I marchi di birra che riescono a distinguersi in questo senso sono pochi, e sempre in campagne isolate.

L’anno scorso, ad esempio, in occasione della Festa della Donna, Budweiser ha modificato alcune sue pubblicità sessiste del passato in collaborazione con #SeeHer, un’organizzazione che si occupa di promuovere una corretta raffigurazione femminile nei media.

Le vecchie pubblicità, risalenti agli anni ‘50 e ‘60, raffiguravano mogli intente a soddisfare le esigenze dei propri mariti, dipinti come gli unici consumatori di birra all’interno della coppia.
Le versioni corrette mostrano invece donne che bevono birra con il proprio marito, ma anche con le loro amiche o da sole, in piena parità con gli uomini.
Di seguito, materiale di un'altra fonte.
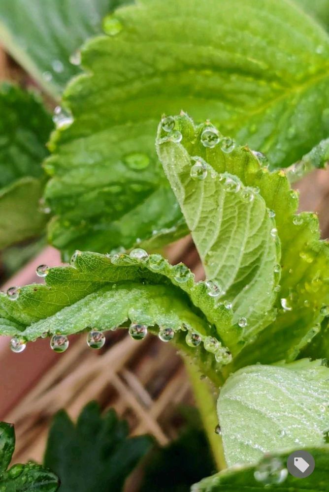 ① いちごの葉に露玉
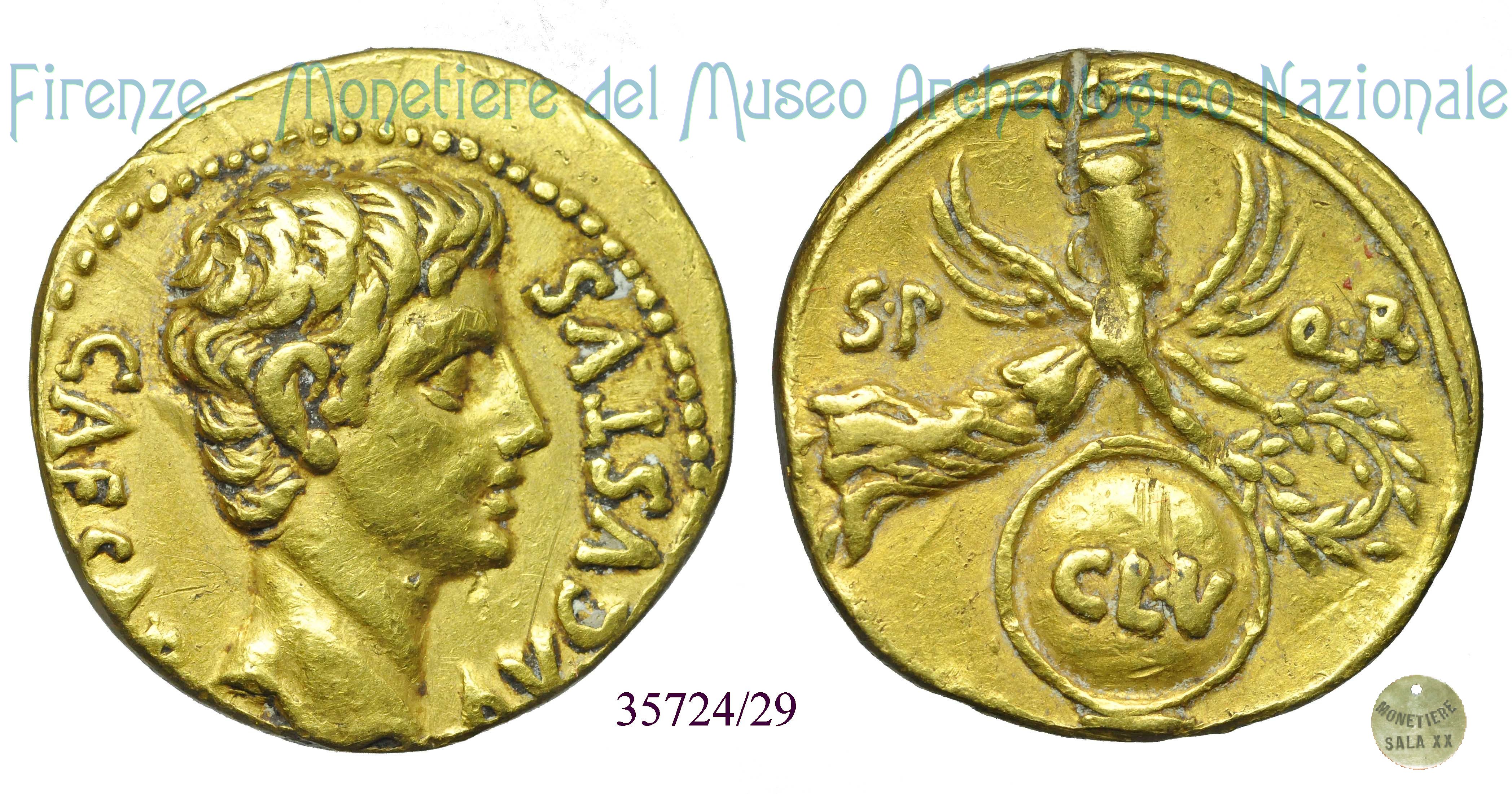 SP-QR / RIC 61 Dritto: CAESAR- AVGVSTVS Testa nuda di Augusto a d. Verso: SP-QR Vittoria, in volo verso destra, con corona nelle mani; sotto, scudo iscritto CL.V | |

Donne e birra, advertising oltre gli stereotipi di genere – budweiser

A tentare di scardinare il punto di vista maschile che domina il settore ci ha pensato, con qualche controversia, il marchio di birra Coors, che nel 2016 si era distinto con alcuni spot molto apprezzati in cui valori come la competizione e il raggiungimento dei propri obiettivi, solitamente ricondotti a figure maschili, erano volti al femminile.
L’anno scorso, invece, Coors ha presentato uno spot che volgeva più sull’ironia e sul quotidiano (“The Official Beer Of Being Done Wearing A Bra”) con una sequenza in cui una ragazza torna a casa sfinita e si toglie il reggiseno, rilassandosi con una birra.
Il tentativo, in parte riuscito, era quello di far immedesimare le proprie consumatrici proponendo il punto di vista di una donna, ma non sono mancate le critiche di chi ha visto anche in questo spot un oggettificazione del corpo femminile. Il confine è certamente molto labile, ma bisogna ammettere che tale sequenza non presenta connotazioni sessuali evidenti, soprattutto in contrasto con un altro spot di Coors molto più vecchio (parliamo del 2003) che presenta donne in carriera, sensuali e sicure di sé, ma filtrate attraverso lo sguardo maschile: sono donne di successo anche perché piacciono agli uomini, e infatti lo spot termina sullo sguardo di tre uomini allupati.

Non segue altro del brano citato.